### Source data:
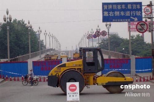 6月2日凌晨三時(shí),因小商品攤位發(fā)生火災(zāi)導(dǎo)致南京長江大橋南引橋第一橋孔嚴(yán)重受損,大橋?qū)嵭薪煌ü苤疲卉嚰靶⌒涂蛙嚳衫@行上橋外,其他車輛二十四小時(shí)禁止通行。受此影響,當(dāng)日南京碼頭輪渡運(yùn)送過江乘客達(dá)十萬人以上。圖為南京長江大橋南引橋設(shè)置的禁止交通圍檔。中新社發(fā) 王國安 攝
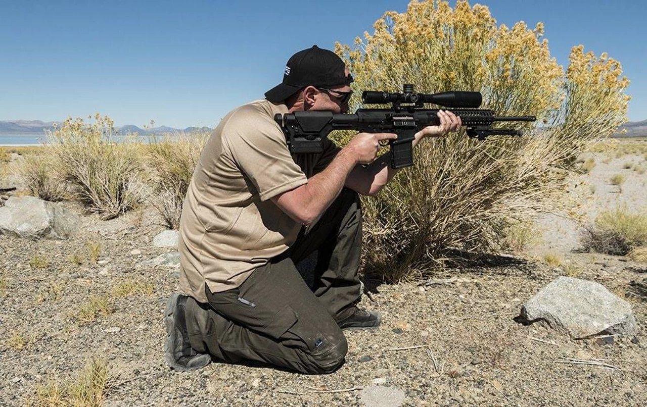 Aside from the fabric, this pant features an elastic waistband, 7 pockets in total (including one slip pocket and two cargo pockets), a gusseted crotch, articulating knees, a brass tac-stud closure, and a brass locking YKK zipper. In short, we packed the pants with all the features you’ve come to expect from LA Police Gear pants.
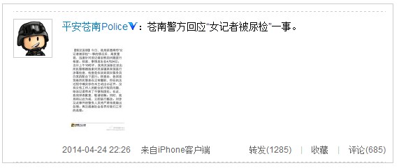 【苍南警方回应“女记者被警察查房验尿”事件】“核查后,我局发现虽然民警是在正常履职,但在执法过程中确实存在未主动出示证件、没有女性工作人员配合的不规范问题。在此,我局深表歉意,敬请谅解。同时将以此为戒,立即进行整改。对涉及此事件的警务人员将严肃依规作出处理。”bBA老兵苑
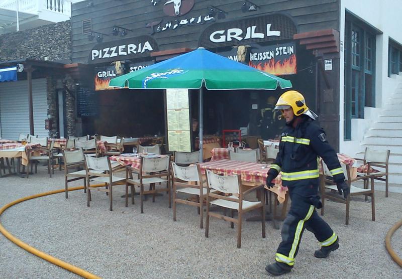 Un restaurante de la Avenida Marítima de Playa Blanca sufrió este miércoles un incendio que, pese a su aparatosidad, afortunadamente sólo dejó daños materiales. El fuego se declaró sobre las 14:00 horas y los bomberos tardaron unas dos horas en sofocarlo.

==

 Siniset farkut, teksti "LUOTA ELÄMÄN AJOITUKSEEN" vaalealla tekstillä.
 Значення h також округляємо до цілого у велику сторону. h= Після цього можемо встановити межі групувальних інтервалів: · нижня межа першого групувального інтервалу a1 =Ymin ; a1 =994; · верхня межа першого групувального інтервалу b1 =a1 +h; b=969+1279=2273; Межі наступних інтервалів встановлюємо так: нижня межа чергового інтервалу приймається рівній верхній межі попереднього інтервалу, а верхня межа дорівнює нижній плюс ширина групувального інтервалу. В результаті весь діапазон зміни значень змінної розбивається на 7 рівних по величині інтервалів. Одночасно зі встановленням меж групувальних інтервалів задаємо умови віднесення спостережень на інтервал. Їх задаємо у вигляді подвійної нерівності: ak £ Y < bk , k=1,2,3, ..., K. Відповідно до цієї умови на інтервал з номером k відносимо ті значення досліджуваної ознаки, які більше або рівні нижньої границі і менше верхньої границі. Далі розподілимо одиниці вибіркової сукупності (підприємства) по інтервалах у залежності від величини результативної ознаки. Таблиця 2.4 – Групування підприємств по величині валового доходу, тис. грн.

--

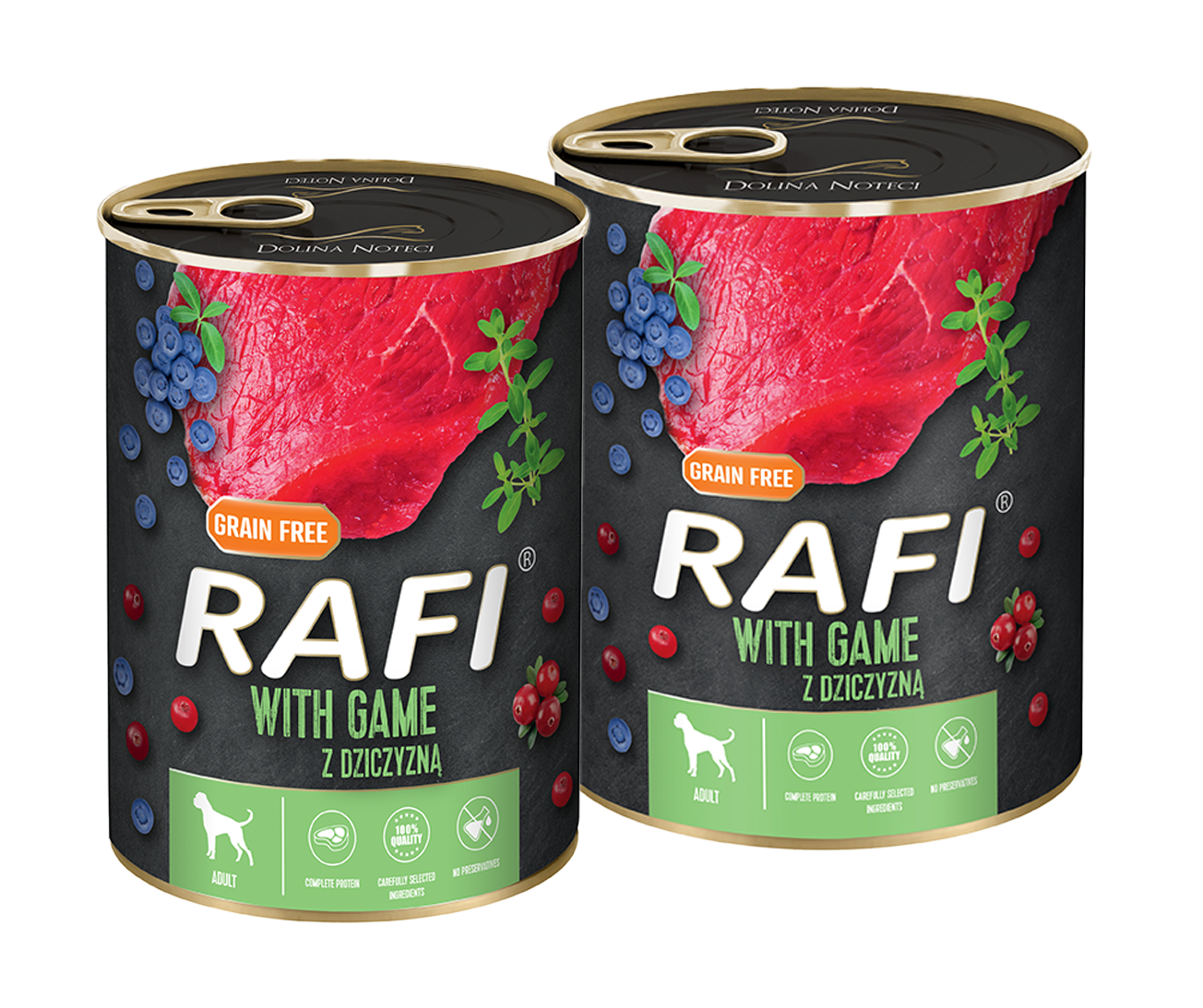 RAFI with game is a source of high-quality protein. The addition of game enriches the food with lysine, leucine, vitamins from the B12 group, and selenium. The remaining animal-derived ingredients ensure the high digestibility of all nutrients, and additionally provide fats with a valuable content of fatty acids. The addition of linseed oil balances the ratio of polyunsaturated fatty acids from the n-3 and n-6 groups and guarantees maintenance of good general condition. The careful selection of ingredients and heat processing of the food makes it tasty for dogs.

### Work item:
Everything above from the line containing "Aside from the" through the line containing "Un restaurante de" must be repeated exactly, and the pictures must be left out.

### Finished task:
 Aside from the fabric, this pant features an elastic waistband, 7 pockets in total (including one slip pocket and two cargo pockets), a gusseted crotch, articulating knees, a brass tac-stud closure, and a brass locking YKK zipper. In short, we packed the pants with all the features you’ve come to expect from LA Police Gear pants.
 【苍南警方回应“女记者被警察查房验尿”事件】“核查后,我局发现虽然民警是在正常履职,但在执法过程中确实存在未主动出示证件、没有女性工作人员配合的不规范问题。在此,我局深表歉意,敬请谅解。同时将以此为戒,立即进行整改。对涉及此事件的警务人员将严肃依规作出处理。”bBA老兵苑
 Un restaurante de la Avenida Marítima de Playa Blanca sufrió este miércoles un incendio que, pese a su aparatosidad, afortunadamente sólo dejó daños materiales. El fuego se declaró sobre las 14:00 horas y los bomberos tardaron unas dos horas en sofocarlo.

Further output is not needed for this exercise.